I have an OCR text document where paragraphs have been broken into individual lines. I'd like to make them whole paragraphs on a single line again (as per the original PDF).
How can I use regex, or find and replace, to remove the line breaks between two lines of text and replace them with a space?
Eg: Every line of text is on a newline. I'd like them to be whole paragraphs on a single line.
Lorem ipsum dolor sit amet, consectetur adipiscing elit. Nam vehicula tellus faucibus metus consequat
scelerisque. Maecenas sit amet urna quis ipsum interdum consequat. Praesent elementum libero nec
velit suscipit placerat accumsan vitae lacus. Aliquam erat volutpat. Etiam egestas lectus sed orci
venenatis, ullamcorper gravida elit pulvinar. Pellentesque imperdiet, augue pulvinar sodales dapibus,
tortor magna rutrum nulla, vel ullamcorper mi purus a diam.
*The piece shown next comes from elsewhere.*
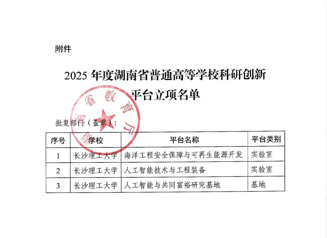 近日,湖南省教育厅正式公布了2025年度湖南省普通高等学校科研创新平台立项名单。由永利集团88304官网人工智能学院学术副院长万琴教授作为负责人牵头申报的“人工智能技术与工程装备”湖南省普通高等学校重点实验室成功获批立项。

Ut id odio sed arcu aliquet lobortis.
Lorem ipsum dolor sit amet, consectetur adipiscing elit.
Donec quam arcu, egestas feugiat eleifend blandit, vulputate non elit. Nulla a erat vel leo maximus
viverra at ac lorem. Nam non imperdiet lorem. Fusce tempor arcu massa, non commodo ligula lobortis
nec. Aliquam sit amet fringilla sapien, non euismod metus. Donec orci mi, sagittis vitae lobortis eu,
aliquet nec libero. Sed sodales magna lacus, pretium lobortis magna varius nec. Pellentesque quis
ipsum viverra orci lobortis egestas. Aliquam porttitor tincidunt ipsum, egestas placerat ante
consectetur in. Morbi porttitor lacus eu augue tincidunt, at aliquet lorem consectetur.
CodePudding user response:
You might be looking for a programatic/dynamic approach for every new scan generated so I'm not sure if this answers your question, but since you have visual studio code in your tags I will answer how to do this in vscode.
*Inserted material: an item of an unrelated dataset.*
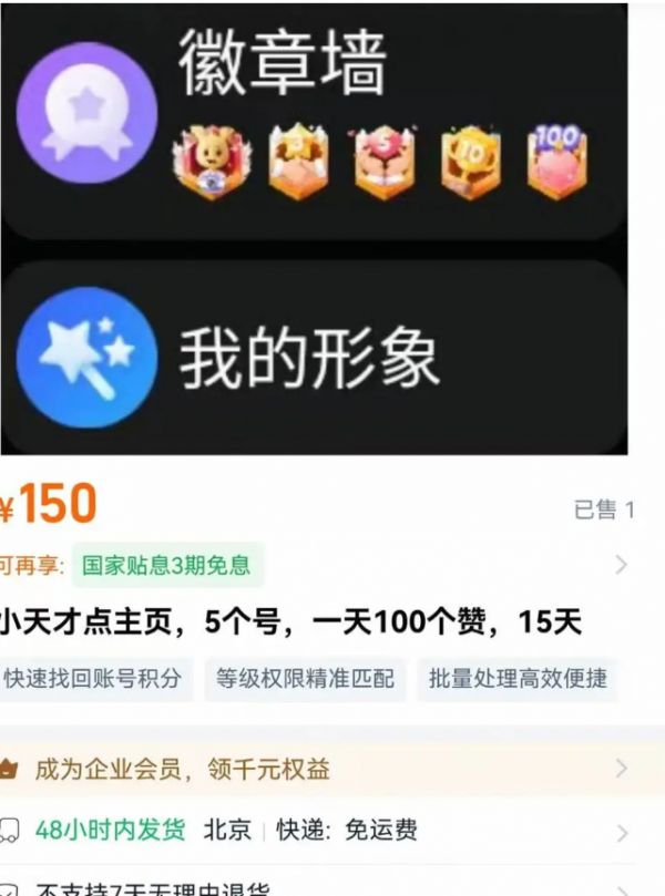“一块小天才手表里藏着100个‘好友’,主页点赞破50万——这样一个账号能够卖到500元。”近日不少网友在社交平台表示,“原来小天才是我们触不可及的社交圈子。”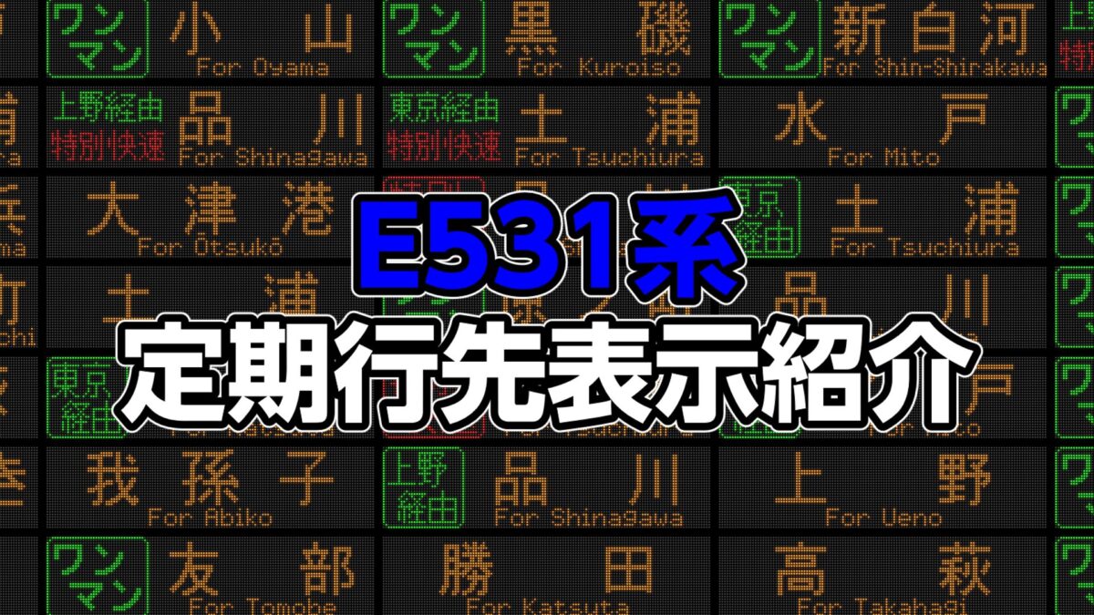 今回は常磐線・水戸線を中心に東北本線も走るE531系の定期行先表示を紹介します。

Open keyboard shortcuts from File > Preferences > Keyboard shortcuts
, and bind editor.action.joinLines
to a shortcut of your choice like for example Ctrl J
.
Then go ahead and open the text you are looking to fix in vscode, select it and press that keybinding. You will notice everything will be in 1 line. I hope I helped!
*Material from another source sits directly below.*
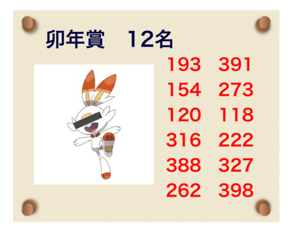 昨年に引き続き卯年賞はお楽しみにという事で☆

CodePudding user response:
I am using two regular expressions when removing linebreaks from OCR texts. They can be used in the Find&Replace dialog from VS Code.
- Remove linebreaks at lines ending with a hyphen:
(?<=\w)- *\n *
- Replace remaining linebreaks with whitespace, but keeping blank lines:
(?<!\n) *\n *(?!\n)
.
Note that the *
in the regular expression trims whitespace at the end and beginning of the lines.
There is also a Python tool based on Flair called dehyphen that does the job. In my experience it produces useful results but may take quite long compared to replacing linebreaks with regular expressions.